Fixed time convergence guarantees for Higher Order Control Barrier Functions

TL;DR

This paper introduces a new method for designing higher-order Control Barrier Functions that guarantee convergence to a safe set within a fixed, user-defined time, enhancing safety in time-critical robotic applications.

Contribution

It proposes a structured differential constraint using repeated roots in the characteristic polynomial to achieve fixed-time convergence for higher-order CBFs, with explicit formulations and conditions.

Findings

Ensures fixed-time convergence for second-order systems.

Demonstrates reliability across robotic models.

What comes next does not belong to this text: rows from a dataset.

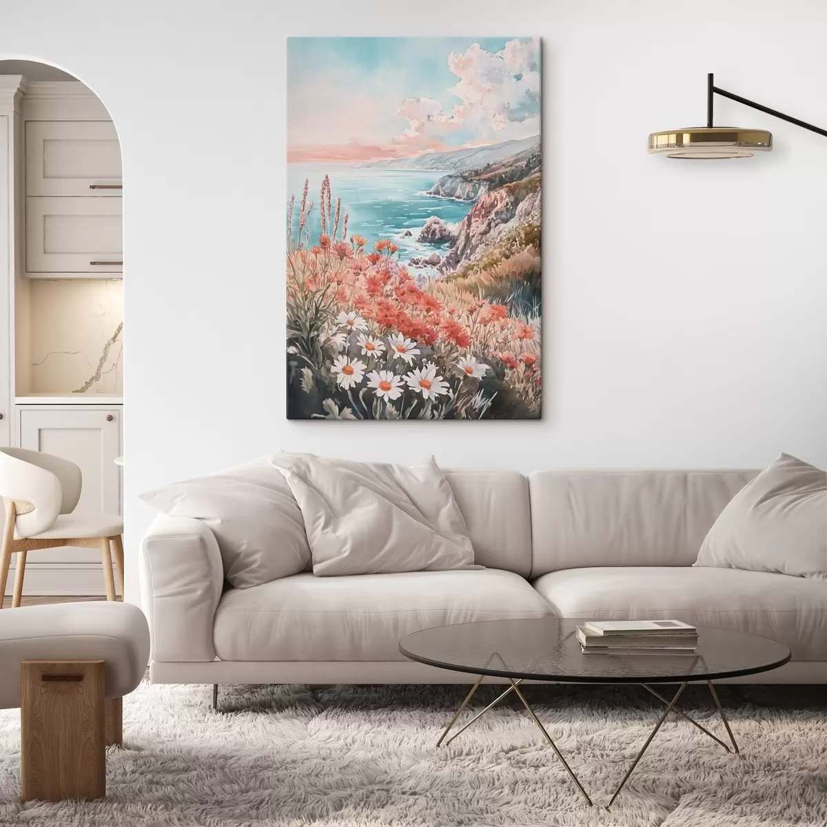 Obraz Portugalia wybrzeże o zachodzie słońca, łąka kwiaty Nr s44612
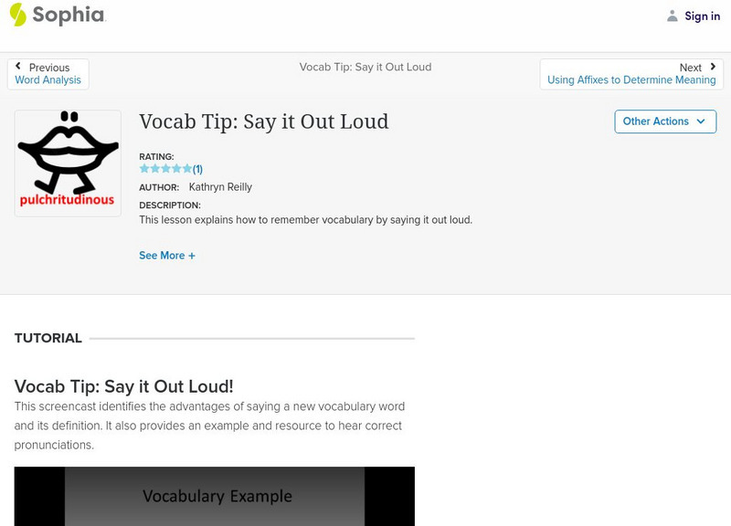 This video lesson offers a tip for learning new vocabulary words by saying the word and its definition aloud. This stimulates the brain and activates prior knowledge which helps you remember the word. It also covers what to do if you...
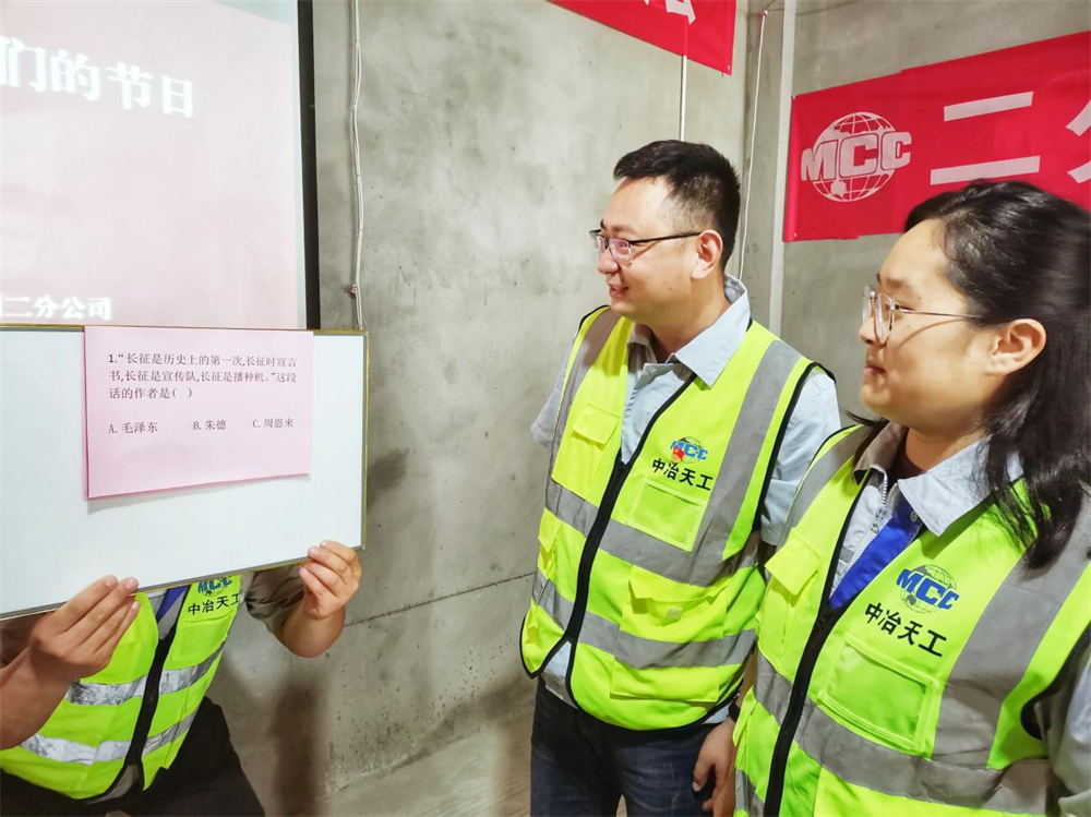此外,中冶天工将本次活动与学习党史、新中国史、改革开放史、社会主义发展史相结合,以夫妻组队的形式开展党史知识竞答,夫妻双方一人抢题,另一人进行作答,在考验双方默契的同时宣扬党的历史,引导广大职工从党的百年奋斗史中汲取精神养分,树立正确的历史观、民族观、文化观。项目党员代表分享了夫妻之间的爱情故事,从相互扶持创建温馨的“小家庭”,到携手共进、打造项目“造血机器”营造团结和谐的“大家庭”,通过两人“创温馨‘小家’,建和谐‘大家’”的故事引导广大职工自觉将爱家与爱企、爱国相统一,将“永远跟党走”的理想信念深深扎根于每个家庭当中。

Outperforms traditional HOCBFs in fixed-time guarantees.

Abstract

We present a novel method for designing higher-order Control Barrier Functions (CBFs) that guarantee convergence to a safe set within a user-specified finite. Traditional Higher Order CBFs (HOCBFs) ensure asymptotic safety but lack mechanisms for fixed-time convergence, which is critical in time-sensitive and safety-critical applications such as autonomous navigation. In contrast, our approach imposes a structured differential constraint using repeated roots in the characteristic polynomial, enabling closed-form polynomial solutions with exact convergence at a prescribed time. We derive conditions on the barrier function and its derivatives that ensure forward invariance and fixed-time reachability, and we provide an explicit formulation for second-order systems. Our method is evaluated on three robotic systems - a point-mass model, a unicycle, and a bicycle model and benchmarked against existing HOCBF approaches. Results demonstrate that our formulation reliably enforces convergence within the desired time, even when traditional methods fail. This work provides a tractable and robust framework for real-time control with provable finite-time safety guarantees.